__What this task involves__.
Scan the records below for the line with "Mød den nye" and the line with "Francisco Antonio ABEYTA", and retype that range exactly, both ends included, pictures excepted.

__Input data__.
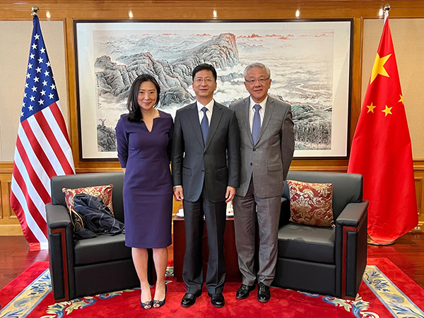 2022年6月14日,驻旧金山总领事张建敏在总领馆会见美国乒乓球协会首席执行官沈伟妮和美中公共事务协会会长滕绍骏。 沈伟妮介绍了美国乒协与中国乒协交流合... |
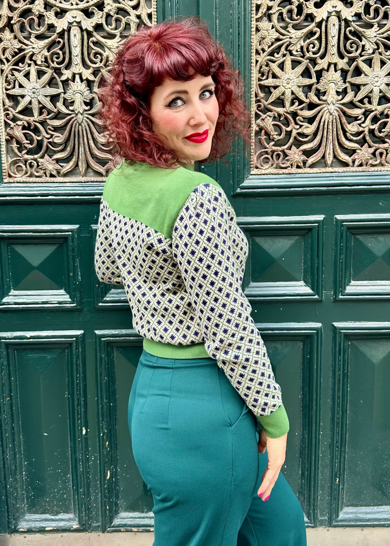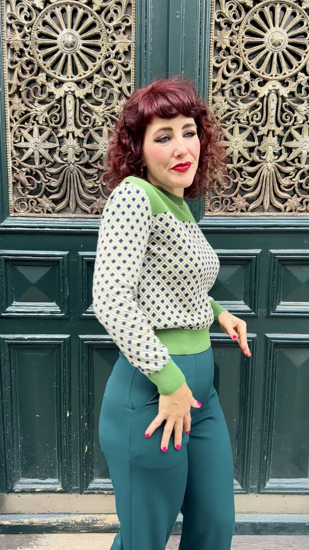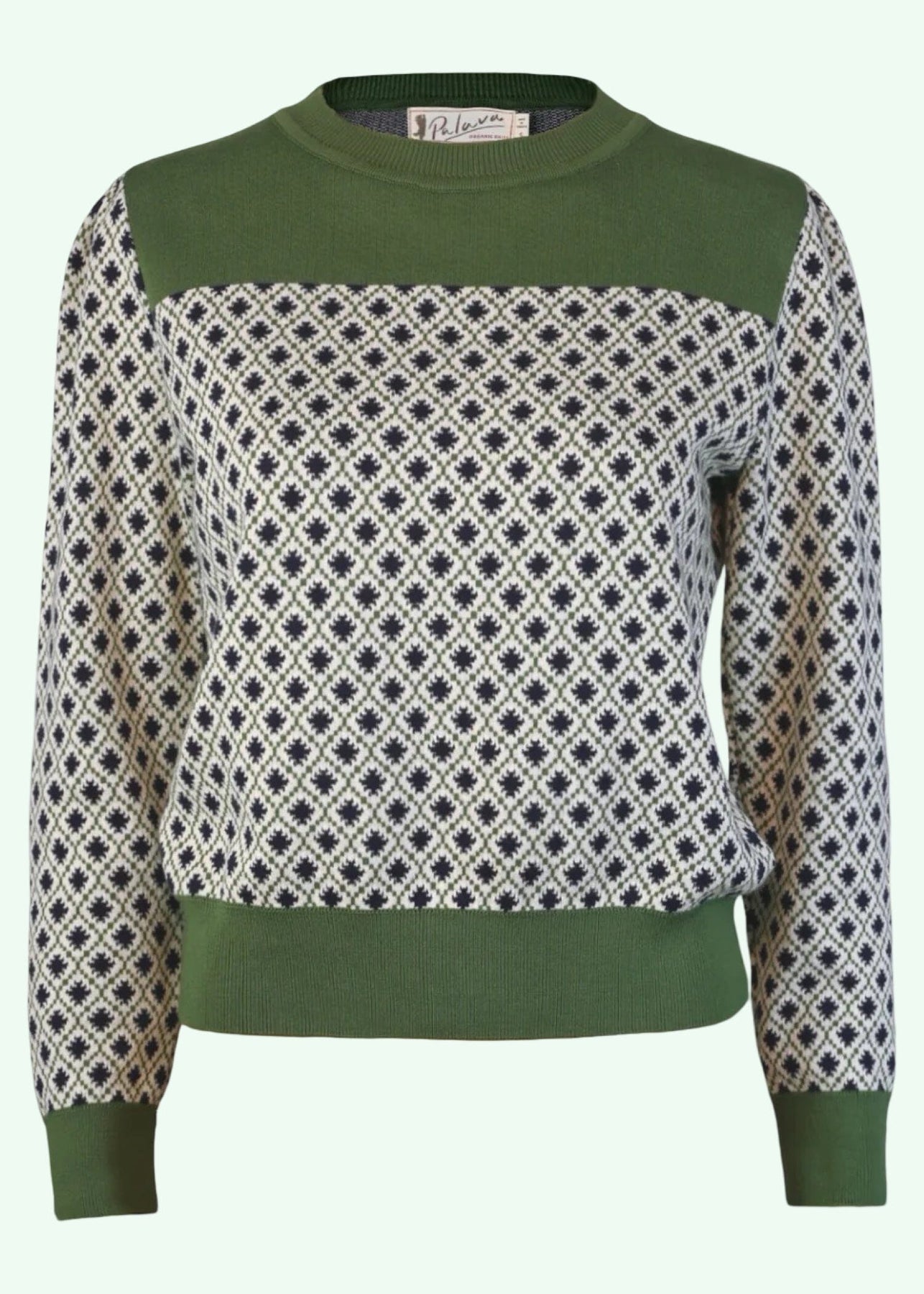 Mød den nye strikbluse, Clara. Inspireret af klassiske vintage-strik byder hun på et smukt blåt "ternet" mønster kombineret med en smuk grøn ved hals samt ribkanter..
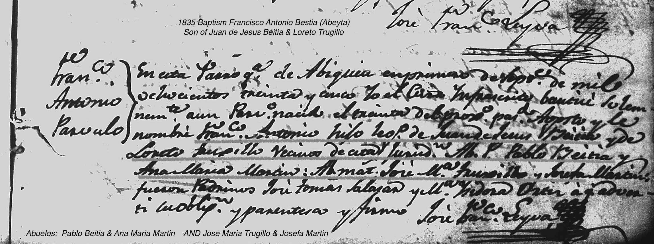 Francisco Antonio ABEYTA Baptism: August 1835 34 22 — Santo Tomás Apóstol, Abiquiu, Rio Arriba, New Mexico |
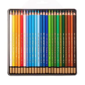 O Conjunto de 24 lápis de cor aquarela da linha Paisagem Koh-I-Noor é uma opção completa e de alta qualidade. Apresentados em uma caixa de lata, os lápis possuem formato hexagonal e um núcleo pigmentado de 3,8 mm. Com um acabamento premium, a parte superior dos lápis é marcada em dourado, exibindo um visual sofisticado.
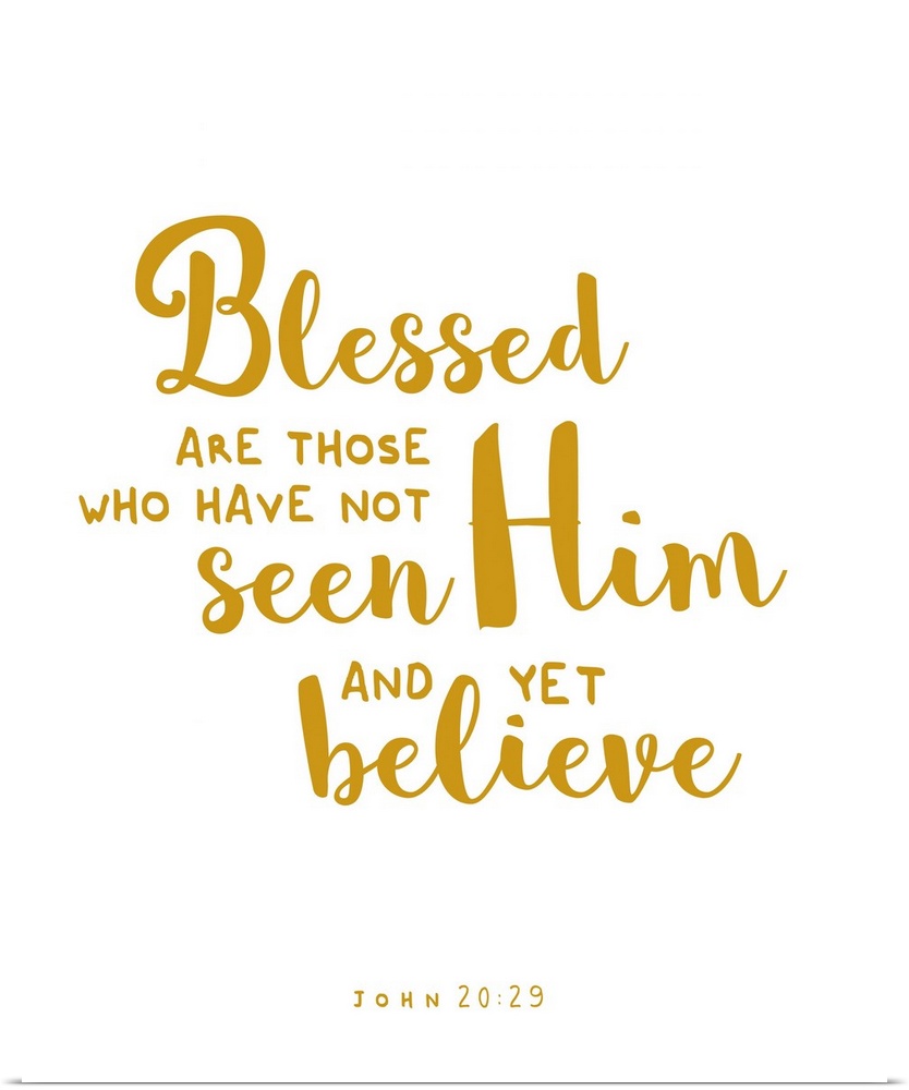 <p>Handlettered Bible verse reading Blessed are those who have no seen Him and yet believe.</p>

__Completed task__.
 Mød den nye strikbluse, Clara. Inspireret af klassiske vintage-strik byder hun på et smukt blåt "ternet" mønster kombineret med en smuk grøn ved hals samt ribkanter..
 Francisco Antonio ABEYTA Baptism: August 1835 34 22 — Santo Tomás Apóstol, Abiquiu, Rio Arriba, New Mexico |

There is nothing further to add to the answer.